Each category in the acm list is a dict with name and query. We build a corpus that will tell Gismo that the content of a category is its query value.

[3]:

corpus = Corpus(acm, to_text=lambda x: x['query'])

We build an embedding on top of that corpus. - We set min_df=3 to exclude rare features; - We set ngram_range=(1, 3) to include bi-grams and tri-grams in the embedding. - We manually pick a few common words to exclude from the embedding.

[4]:

vectorizer = CountVectorizer(min_df=3, ngram_range=(1, 3), dtype=float, stop_words=['to', 'and', 'by'])
embedding = Embedding(vectorizer=vectorizer)
embedding.fit_transform(corpus)

[5]:

embedding.x

[5]:

<234x6929 sparse matrix of type '<class 'numpy.float64'>'
        with 28014 stored elements in Compressed Sparse Row format>

We see from embedding.x that the embedding links 234 documents to 6,936 features. There are 28,041 weights: in average, each document is linked to more than 100 features, each feature is linked to 4 documents.
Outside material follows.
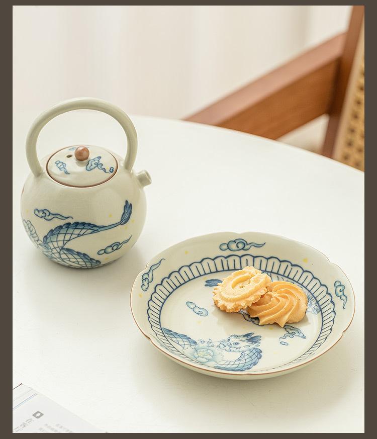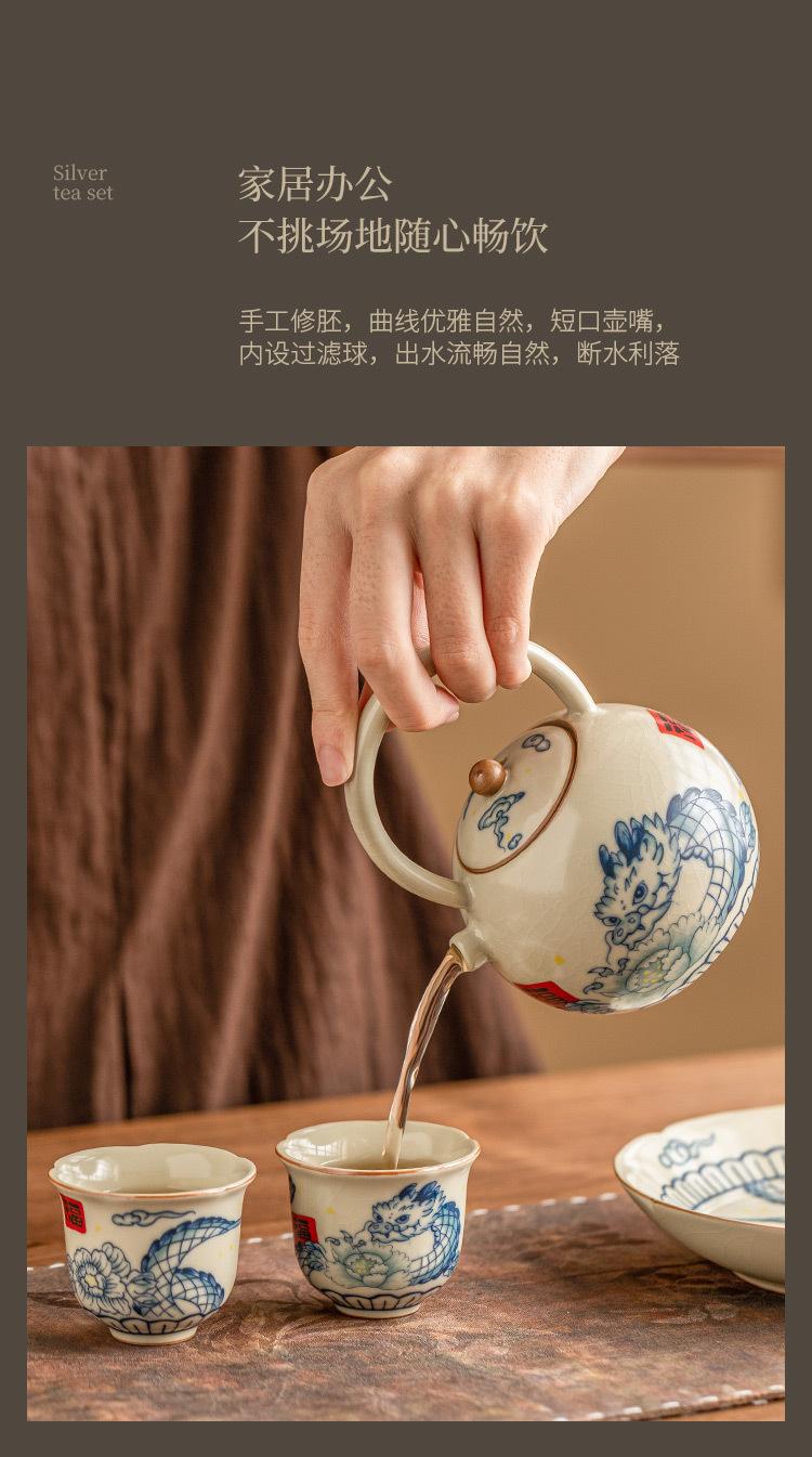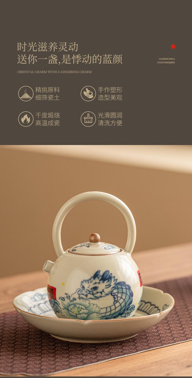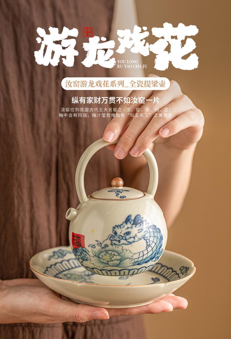Yuhuang ru kiln touring dragon playing flowers_liang pot [simple pack], Yuhuang ru kiln touring dragon playing...

Now, we initiate the gismo object, and customize post_processers to ease the display.

[6]:

gismo = Gismo(corpus, embedding)
gismo.post_documents_item = lambda g, i: g.corpus[i]['name']
gismo.post_documents_cluster = post_documents_cluster_print
gismo.post_features_cluster = post_features_cluster_print

Machine Learning query¶

We perform the query Machine learning. The returned True tells that some of the query features were found in the corpus’ features.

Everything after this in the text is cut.